Ahmad Mulakhil, 23, was convicted of two counts of raping a child under 13 in Nuneaton, central England, last July after a trial at Warwick Crown Court.
He had previously pleaded guilty to a further count of rape and was also found guilty of abducting a child, two counts of sexual assault and making indecent images of a child.
Jurors at a 10-day trial were told that Mulakhil arrived in the United Kingdom four months before the rapes and had made an immigration application linked to "problems" he had experienced in Afghanistan.
His co-defendant Mohammad Kabir, 24, was found not guilty of attempting to take a child, committing an offence with intent to commit a sexual offence and intentional strangulation in connection with an earlier encounter with the victim on the same day.

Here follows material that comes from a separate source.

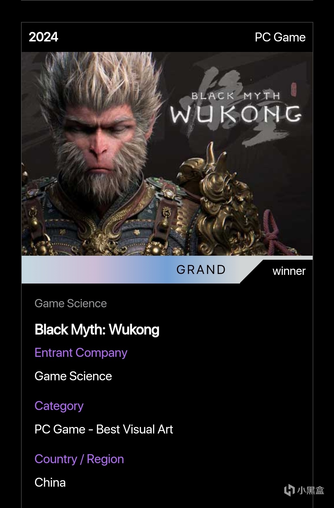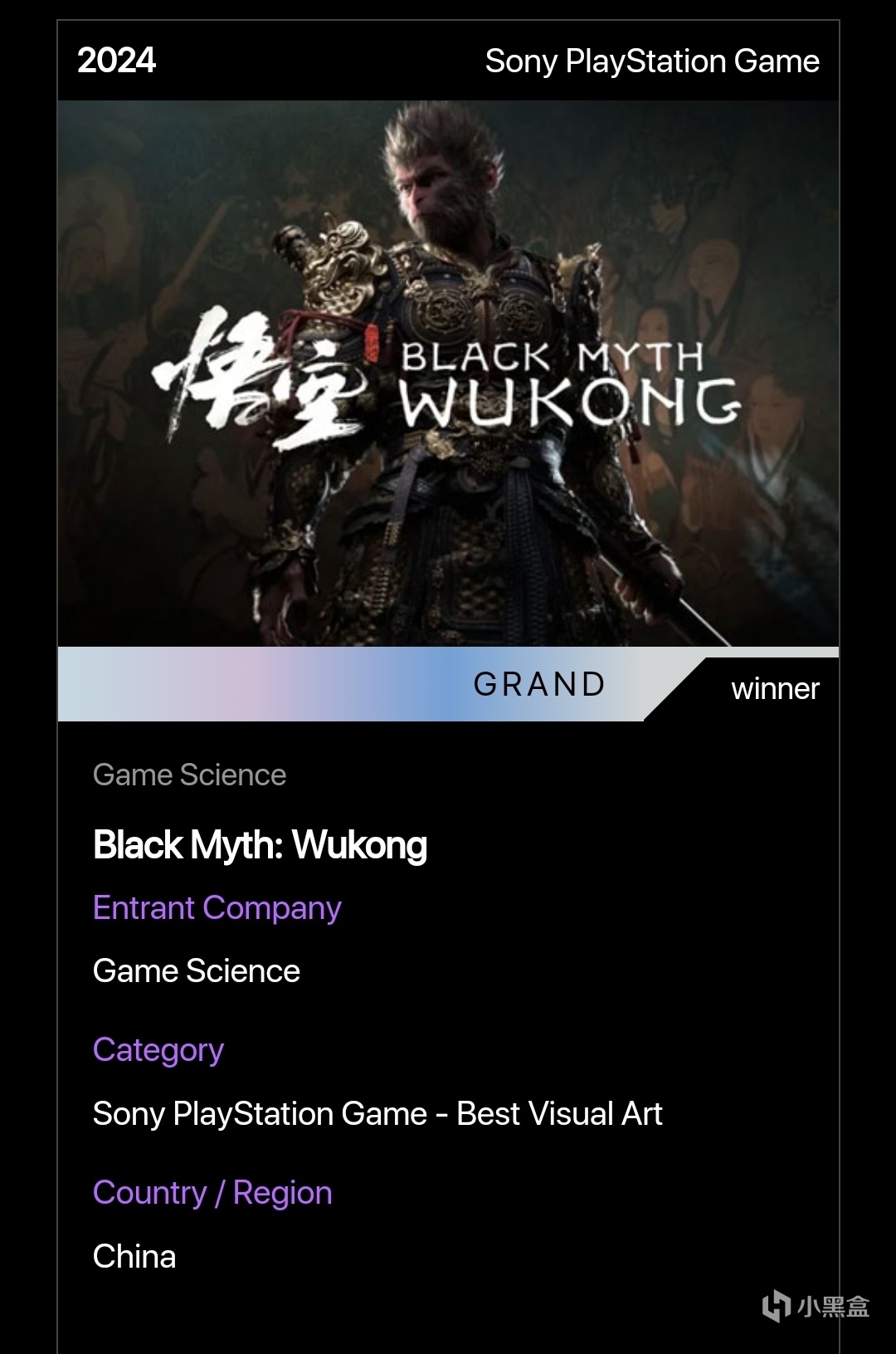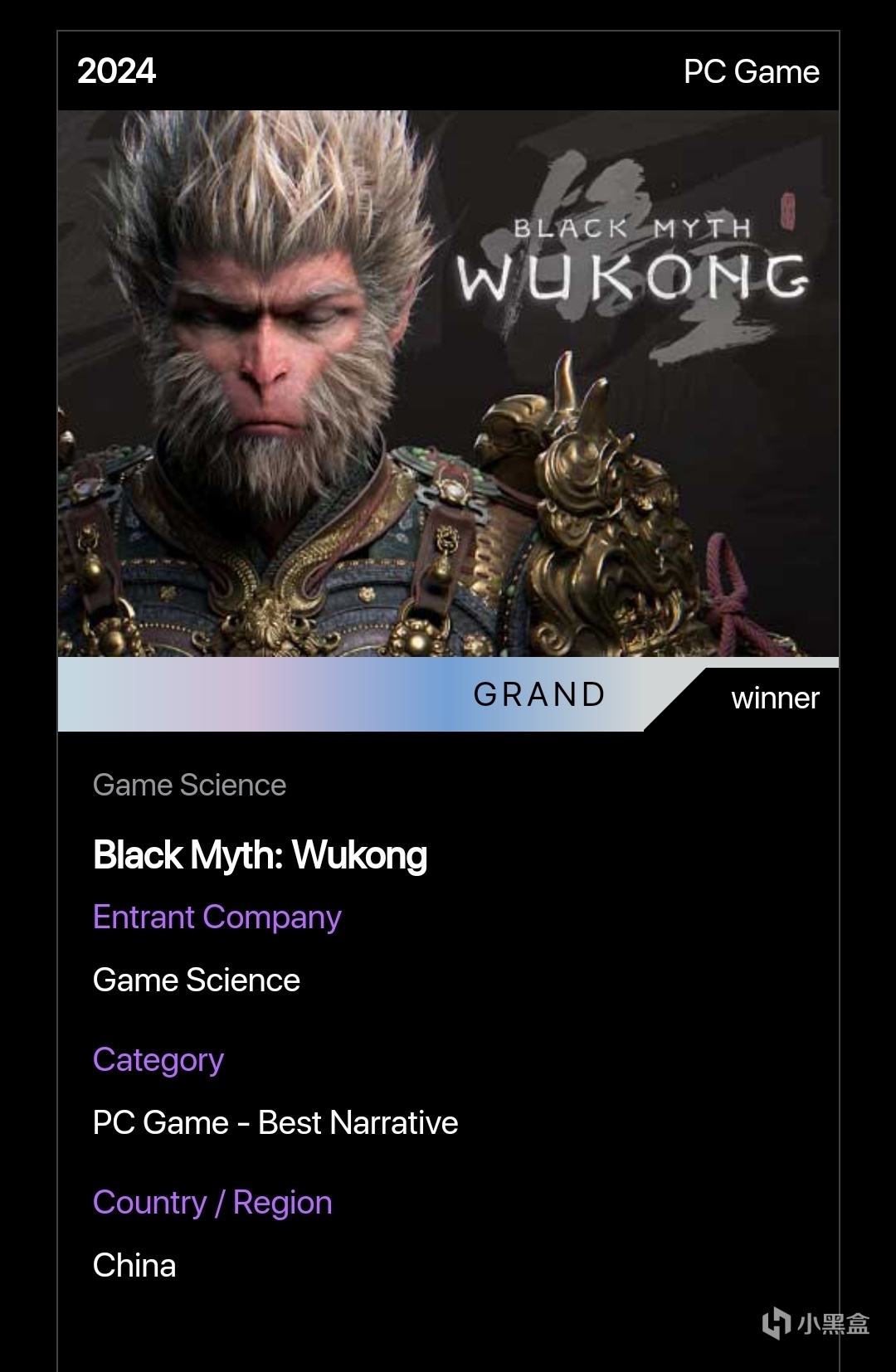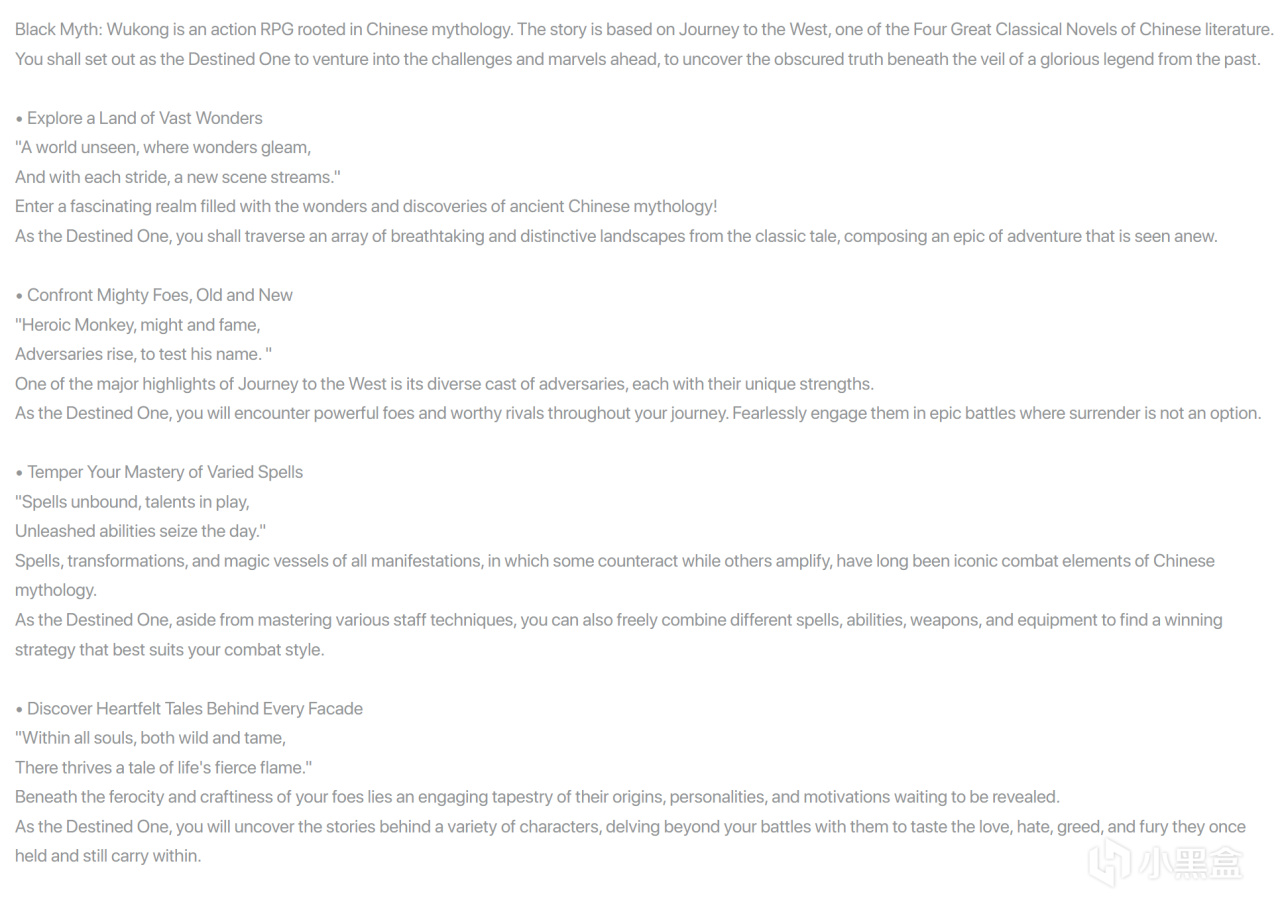 官網對黑神話悟空的介紹也是頒獎詞

The trial was not told that Mulakhil arrived in the UK by small boat or that Kabir had entered the UK by the same method on Christmas Day in 2024.
Anti-immigration activists have seized on other criminal cases involving asylum seekers, predominantly young men and particularly those housed in hotels, to argue that they are a danger to nearby communities.
Pro-migrant groups, however, have said ultranationalist groups and opportunistic politicians are deliberately seeking to exploit and inflame tensions for their own ends.
Prosecutor Daniel Oscroft told jurors at the start of Mulakhil's trial last month that Mulakhil had led the victim to a "secluded cul-de-sac ... where he raped her, sexually assaulted her and took indecent images of her".
Remanding Mulakhil in custody to be sentenced at a later date, judge Kristina Montgomery said of him: "He will plainly receive a substantial custodial sentence which will automatically make him liable for deportation at its conclusion."
Commenting after the case, a UK Home Office spokesperson said: "We will not allow foreign criminals and illegal migrants to exploit our laws. We are reforming human rights laws and replacing the broken appeals system so we can scale up deportations."